Габриелла стояла перед отцом, нисколько не думая о цветке, который она начала вышивать на пяльцах. Бовулуар залюбовался дочерью; слезы покатились из его глаз по круглому лицу, еще с трудом принимавшему серьезное выражение, и падали между бортами распашного камзола на белоснежную сорочку, выпущенную по тогдашней моде над поясом сборками. Бросив на стул фетровую шляпу с красным старым пером, он нервно потирал рукой свою плешивую голову. Он не сводил глаз с дочери, стоявшей перед ним в этом зале, где на потолке выступали темные балки мореного дуба, стены обтянуты были тисненой кожей, где все шкафы, лари, столы и кресла были из черного дерева, на дверях висели портьеры из плотного шелка, а высокий камин был настоящим украшением комнаты; любуясь своей Габриеллой, озаренной мягким светом, старик радовался, что дочь еще принадлежит ему, и утирал влажные от слез глаза. Любящему отцу всегда хочется, чтобы его дети оставались маленькими и не разлучались бы с ним; и если отец не испытывает глубокого горя, когда дочь его переходит под власть мужа, значит, он не способен на высокие чувства и легко может опуститься до низменных расчетов.

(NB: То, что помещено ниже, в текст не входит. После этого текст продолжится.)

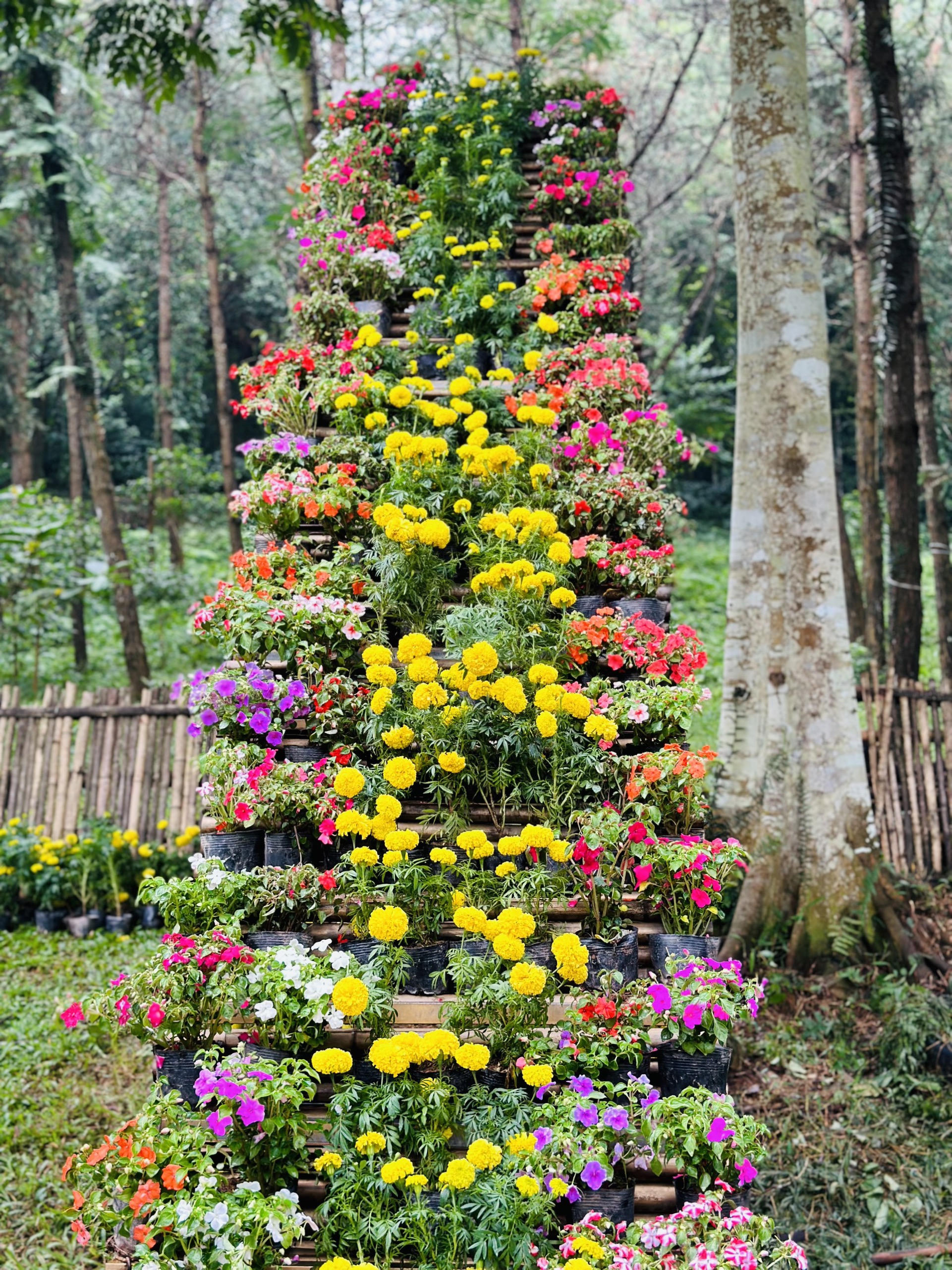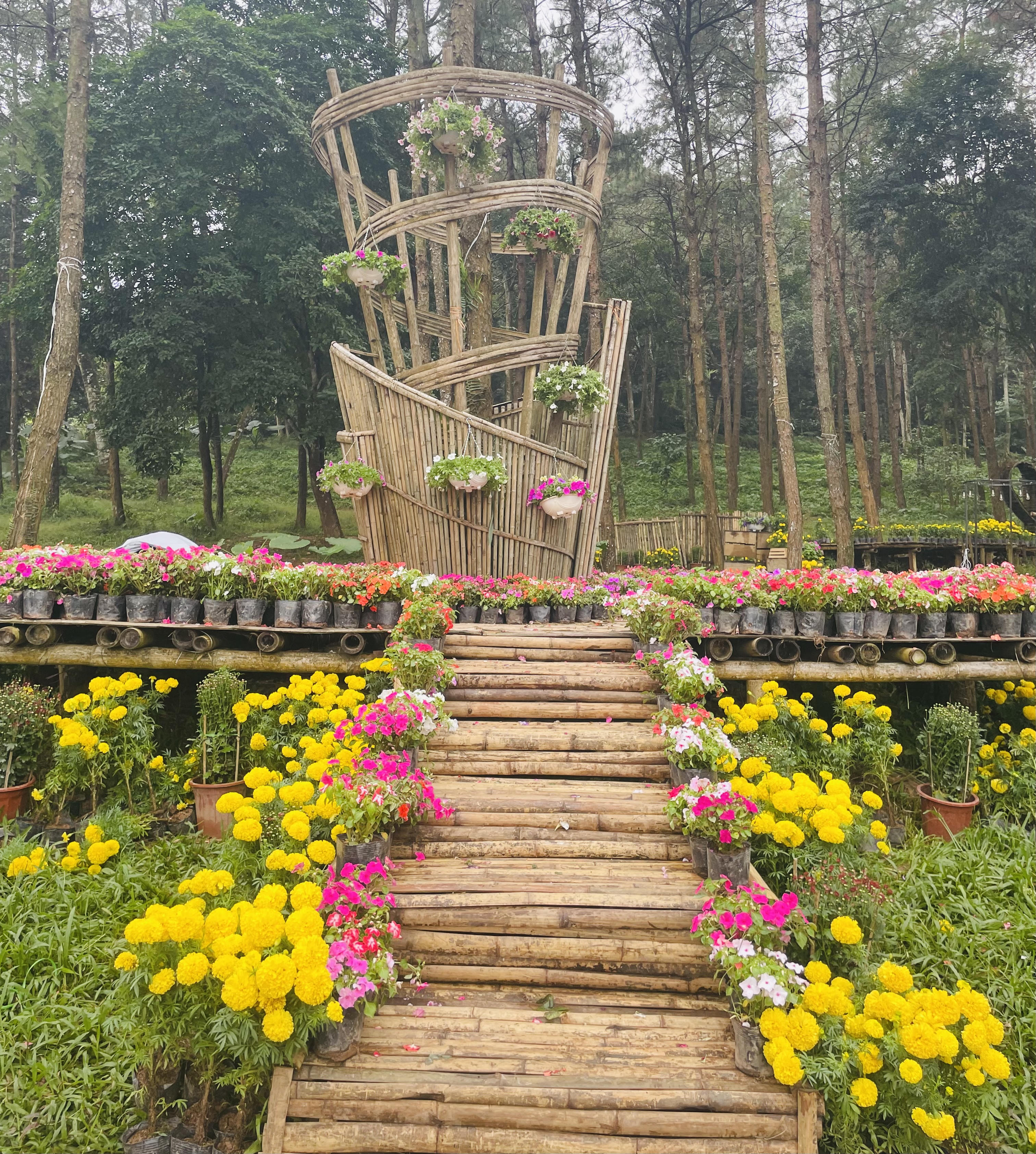 Theo ban tổ chức, vị trí hoa cúc được trưng bày tại khu vực cổng chính với hai thác hoa tượng trưng cho hai thác ngà: Mặt trời và mây trắng: nắng Sơn tây, mây Ba Vì. Khu 1 Hạ Sơn được trang trí 4 vị trí hoa gồm cây hoa, tượng Thánh Tản, sảnh Nhà điều hành, ngã ba vào suối Tam cấp. Khu 2: Hoa được cắm và đặt trên khung tre. Khu 3: khu chính (khu ngã 3 bàn tay chữa lành, đảo, sân khấu nổi, cầu tre và rừng thông.

— Что с тобой, сын мой? — спросила старуха мать, снимая очки и вглядываясь в лицо Бовулуара, — она старалась разгадать причины необычной молчаливости своего сына, всегда такого благодушного и веселого человека.
Лекарь указал рукой на дочь, и старушка с довольной улыбкой закивала головой, словно хотела сказать: «Да, да, она у нас очень мила!»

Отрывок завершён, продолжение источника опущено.